[Task statement] Retype, please, the listing from its opening line through the line that contains "Read More| Power", both included, without the pictures.
━━━━━━━━━━━━━━━━━━━━
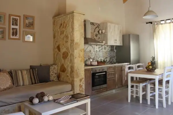 Denne hyggelige pension ligger udenfor Liapades by men nede bag stranden. Fra rolige omgivelser i en lille have, er der herlig udsigt til den flotte bugt. Der er 1 km til Liapades by med indkøbsmuligheder, caféer og spisesteder. Flere strande er indenfor gåafstand.
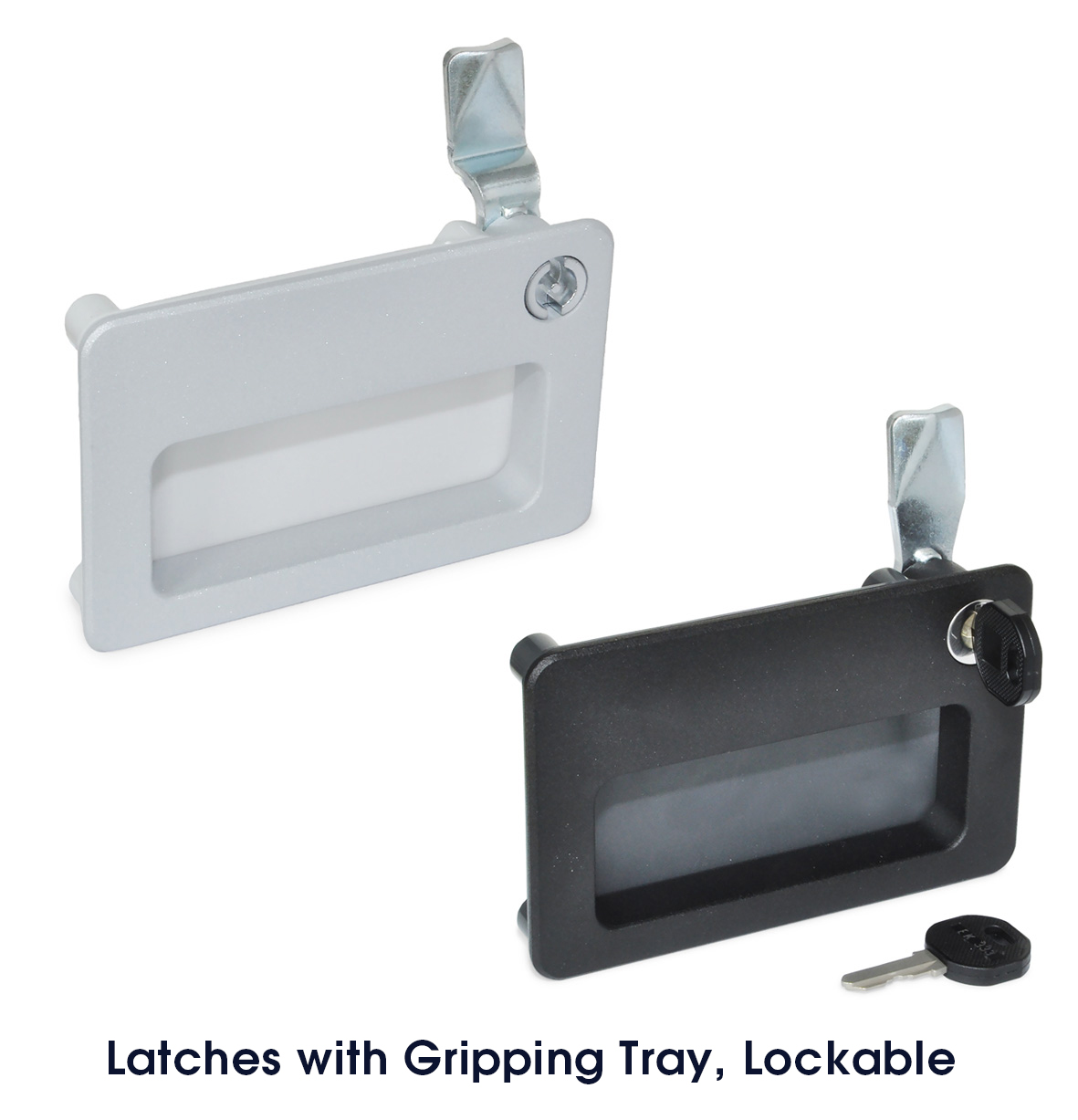 J.W. Winco Inc. offers GN 115.10 latches with gripping tray, lockable, in metric sizes. These RoHS-compliant latches with gripping tray are used in applications that require a molded recess in addition to the latching mechanism, e.g. if operating elements are not allowed to protrude for reasons of space.
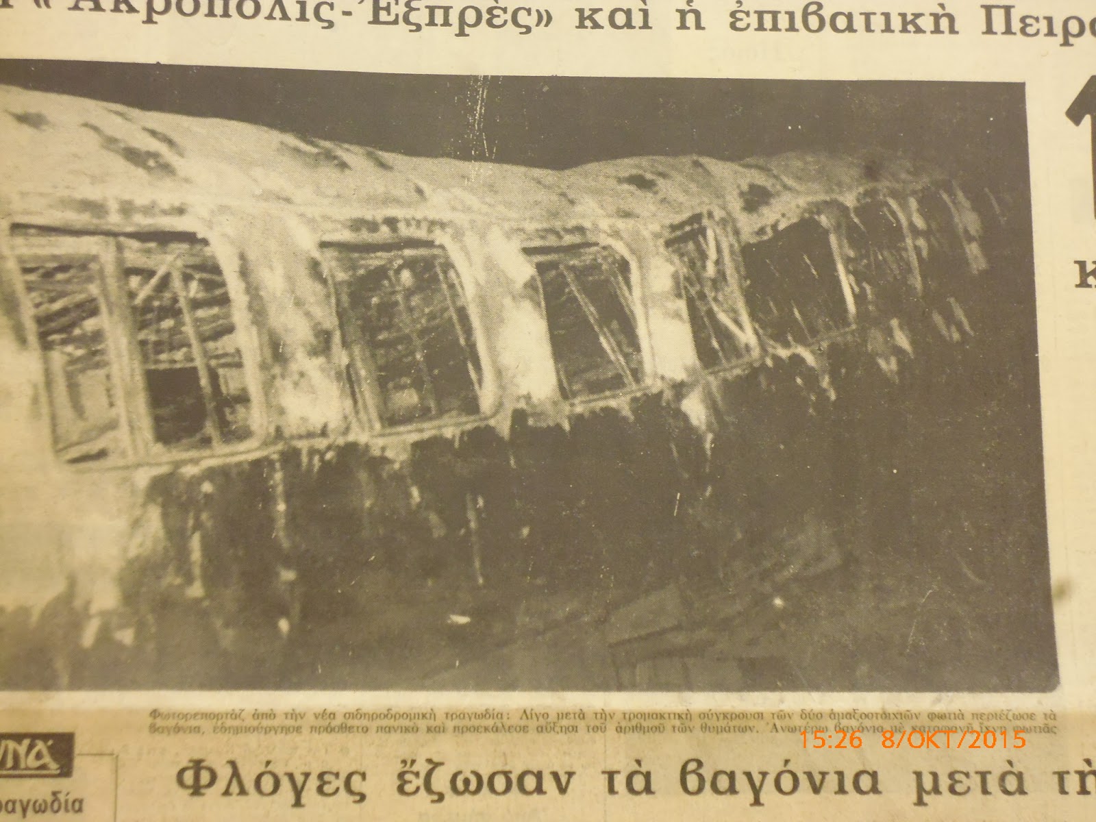 Όταν τα τρένα βρέθηκαν «πρόσωπο με πρόσωπο», ανάμεσα στους δύο σταθμούς, ήταν πολύ αργά. Το σκοτάδι, η κακοκαιρία και η ταχύτητα δεν άφησαν περιθώρια αντίδρασης. Η ντιζελομηχανή του «Ακρόπολις» συνέθλιψε τα τέσσερα μπροστινά βαγόνια της «πόστας»..
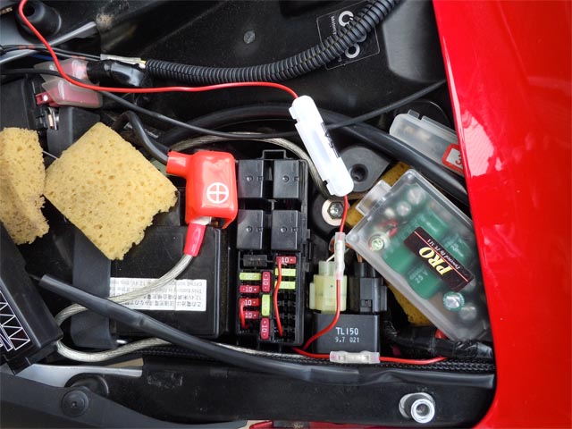 ヒューズ取り出し配線に+側を繋ぎ、バッテリーのマイナス端子に-側を繋ぎ、
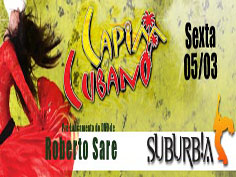 A Suburbia reabre suas portas em grande estilo. Nesta sexta-feira, 05, quem sobe ao palco é a super banda Capim Cubano agitando com suas salsas, merengues e as músicas mais calientes do momento, além de grandes sucessos que até hoje fazem a cabeça de todos, uma noite para esquentar corações com muita dança latina e corpos sensuais. Haverá ainda show com Roberto Sare.
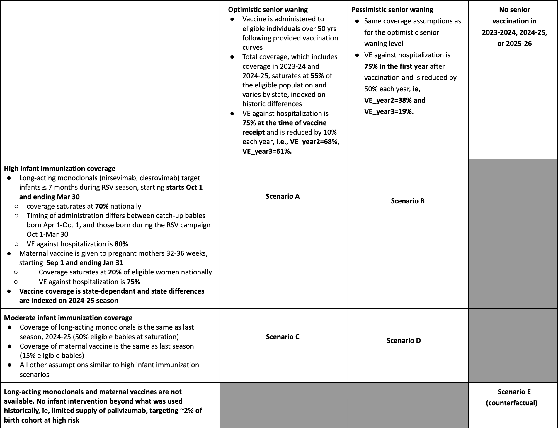 | Scenario A. Optimistic senior waning and high coverage of infant interventions | optSenWan_highInfCov | A-2025-10-31 |
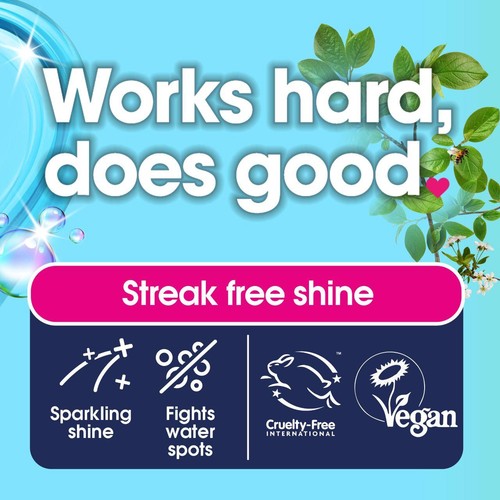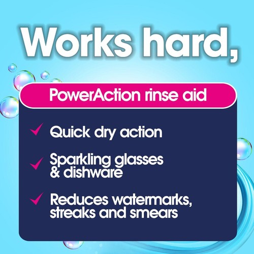 Read More| Power Action Rinse Aid Quick dry action Sparkling glasses & dishware Reduces watermarks, streaks and smears |
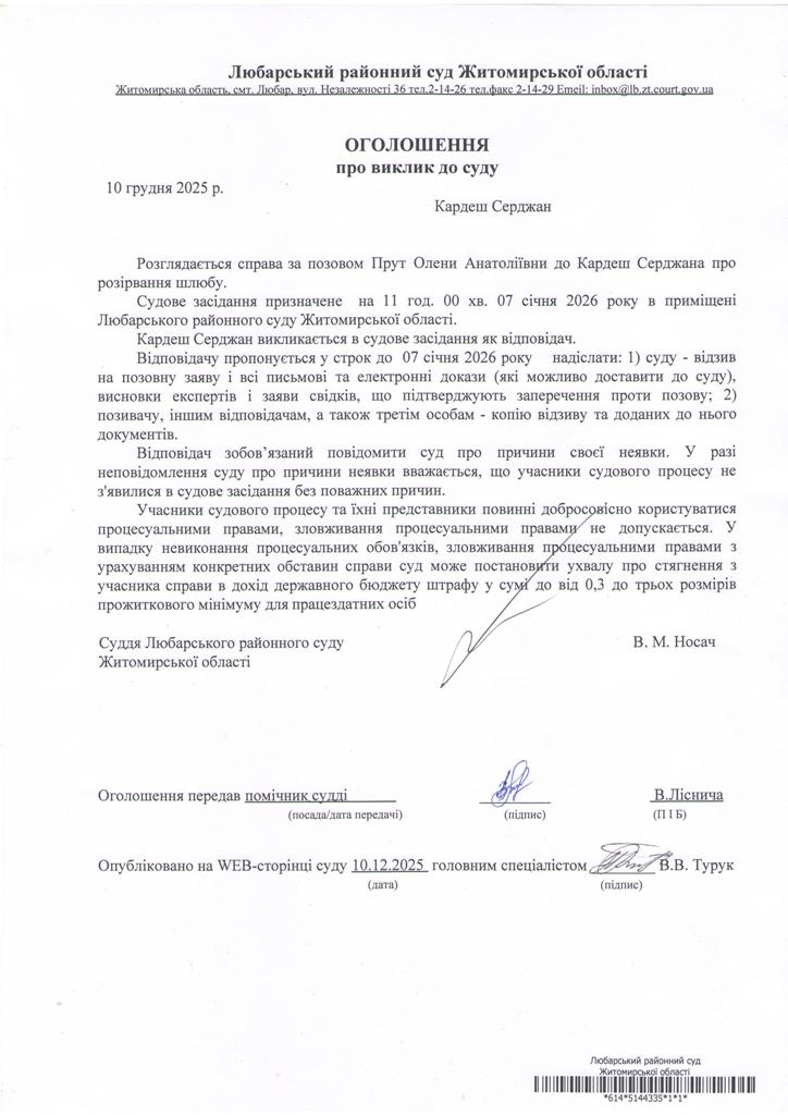 Любарський районний суд Житомирської області
━━━━━━━━━━━━━━━━━━━━
[Your response]
 Denne hyggelige pension ligger udenfor Liapades by men nede bag stranden. Fra rolige omgivelser i en lille have, er der herlig udsigt til den flotte bugt. Der er 1 km til Liapades by med indkøbsmuligheder, caféer og spisesteder. Flere strande er indenfor gåafstand.
 J.W. Winco Inc. offers GN 115.10 latches with gripping tray, lockable, in metric sizes. These RoHS-compliant latches with gripping tray are used in applications that require a molded recess in addition to the latching mechanism, e.g. if operating elements are not allowed to protrude for reasons of space.
 Όταν τα τρένα βρέθηκαν «πρόσωπο με πρόσωπο», ανάμεσα στους δύο σταθμούς, ήταν πολύ αργά. Το σκοτάδι, η κακοκαιρία και η ταχύτητα δεν άφησαν περιθώρια αντίδρασης. Η ντιζελομηχανή του «Ακρόπολις» συνέθλιψε τα τέσσερα μπροστινά βαγόνια της «πόστας»..
 ヒューズ取り出し配線に+側を繋ぎ、バッテリーのマイナス端子に-側を繋ぎ、
 A Suburbia reabre suas portas em grande estilo. Nesta sexta-feira, 05, quem sobe ao palco é a super banda Capim Cubano agitando com suas salsas, merengues e as músicas mais calientes do momento, além de grandes sucessos que até hoje fazem a cabeça de todos, uma noite para esquentar corações com muita dança latina e corpos sensuais. Haverá ainda show com Roberto Sare.
 | Scenario A. Optimistic senior waning and high coverage of infant interventions | optSenWan_highInfCov | A-2025-10-31 |
 Read More| Power Action Rinse Aid Quick dry action Sparkling glasses & dishware Reduces watermarks, streaks and smears |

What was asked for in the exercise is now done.